── Data to use
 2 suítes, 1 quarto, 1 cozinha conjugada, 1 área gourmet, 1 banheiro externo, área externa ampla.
────
── Data to use
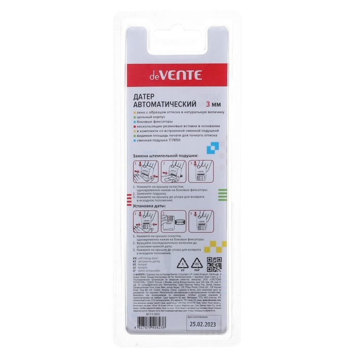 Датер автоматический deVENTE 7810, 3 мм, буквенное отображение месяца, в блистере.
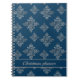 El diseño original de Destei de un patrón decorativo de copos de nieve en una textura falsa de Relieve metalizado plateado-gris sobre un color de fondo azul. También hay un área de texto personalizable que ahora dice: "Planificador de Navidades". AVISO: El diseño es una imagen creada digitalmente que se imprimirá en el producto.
────
Task instructions>
Output exactly the lines above, from the line with "Датер автоматический deVENTE" to the line with "El diseño original", both included; skip the pictures.

Finished exercise>
 Датер автоматический deVENTE 7810, 3 мм, буквенное отображение месяца, в блистере.
 El diseño original de Destei de un patrón decorativo de copos de nieve en una textura falsa de Relieve metalizado plateado-gris sobre un color de fondo azul. También hay un área de texto personalizable que ahora dice: "Planificador de Navidades". AVISO: El diseño es una imagen creada digitalmente que se imprimirá en el producto.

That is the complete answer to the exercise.